_What you should do_
Your task is to write out the entire listing exactly, omitting its pictures.

_Information supplied_
:::::
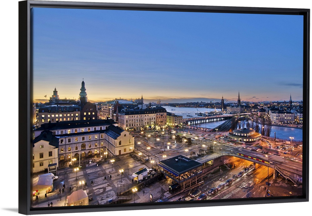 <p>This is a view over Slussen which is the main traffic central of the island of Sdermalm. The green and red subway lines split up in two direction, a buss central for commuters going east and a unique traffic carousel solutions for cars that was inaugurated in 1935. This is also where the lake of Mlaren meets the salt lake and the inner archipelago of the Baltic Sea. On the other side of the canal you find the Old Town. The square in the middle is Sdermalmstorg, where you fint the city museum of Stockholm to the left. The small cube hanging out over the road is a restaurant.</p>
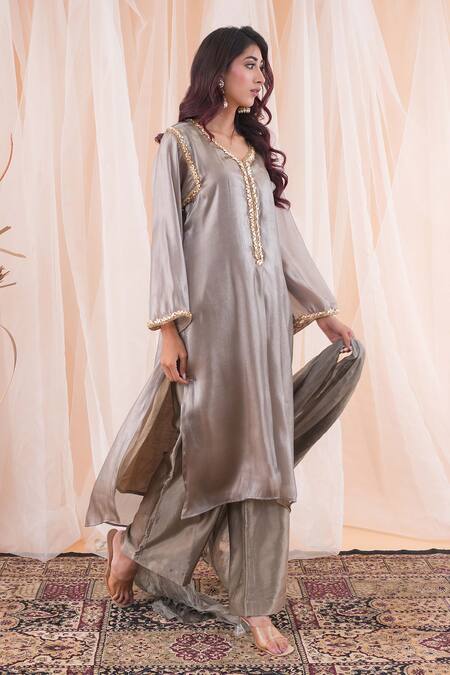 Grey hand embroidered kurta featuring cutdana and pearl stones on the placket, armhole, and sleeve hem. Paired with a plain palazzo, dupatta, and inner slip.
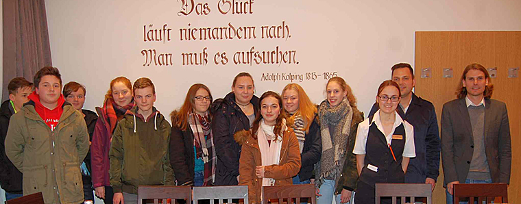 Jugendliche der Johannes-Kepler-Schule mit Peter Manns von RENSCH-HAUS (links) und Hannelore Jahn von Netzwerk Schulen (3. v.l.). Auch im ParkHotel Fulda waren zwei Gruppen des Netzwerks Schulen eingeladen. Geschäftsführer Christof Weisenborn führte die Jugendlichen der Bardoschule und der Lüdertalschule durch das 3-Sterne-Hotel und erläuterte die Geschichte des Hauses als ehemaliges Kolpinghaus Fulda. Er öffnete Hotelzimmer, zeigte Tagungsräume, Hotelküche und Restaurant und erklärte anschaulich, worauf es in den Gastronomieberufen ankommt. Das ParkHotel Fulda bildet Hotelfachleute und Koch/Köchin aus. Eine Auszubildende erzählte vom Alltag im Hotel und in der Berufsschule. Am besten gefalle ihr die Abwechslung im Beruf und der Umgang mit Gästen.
:::::
_Task output_
 <p>This is a view over Slussen which is the main traffic central of the island of Sdermalm. The green and red subway lines split up in two direction, a buss central for commuters going east and a unique traffic carousel solutions for cars that was inaugurated in 1935. This is also where the lake of Mlaren meets the salt lake and the inner archipelago of the Baltic Sea. On the other side of the canal you find the Old Town. The square in the middle is Sdermalmstorg, where you fint the city museum of Stockholm to the left. The small cube hanging out over the road is a restaurant.</p>
 Grey hand embroidered kurta featuring cutdana and pearl stones on the placket, armhole, and sleeve hem. Paired with a plain palazzo, dupatta, and inner slip.
 Jugendliche der Johannes-Kepler-Schule mit Peter Manns von RENSCH-HAUS (links) und Hannelore Jahn von Netzwerk Schulen (3. v.l.). Auch im ParkHotel Fulda waren zwei Gruppen des Netzwerks Schulen eingeladen. Geschäftsführer Christof Weisenborn führte die Jugendlichen der Bardoschule und der Lüdertalschule durch das 3-Sterne-Hotel und erläuterte die Geschichte des Hauses als ehemaliges Kolpinghaus Fulda. Er öffnete Hotelzimmer, zeigte Tagungsräume, Hotelküche und Restaurant und erklärte anschaulich, worauf es in den Gastronomieberufen ankommt. Das ParkHotel Fulda bildet Hotelfachleute und Koch/Köchin aus. Eine Auszubildende erzählte vom Alltag im Hotel und in der Berufsschule. Am besten gefalle ihr die Abwechslung im Beruf und der Umgang mit Gästen.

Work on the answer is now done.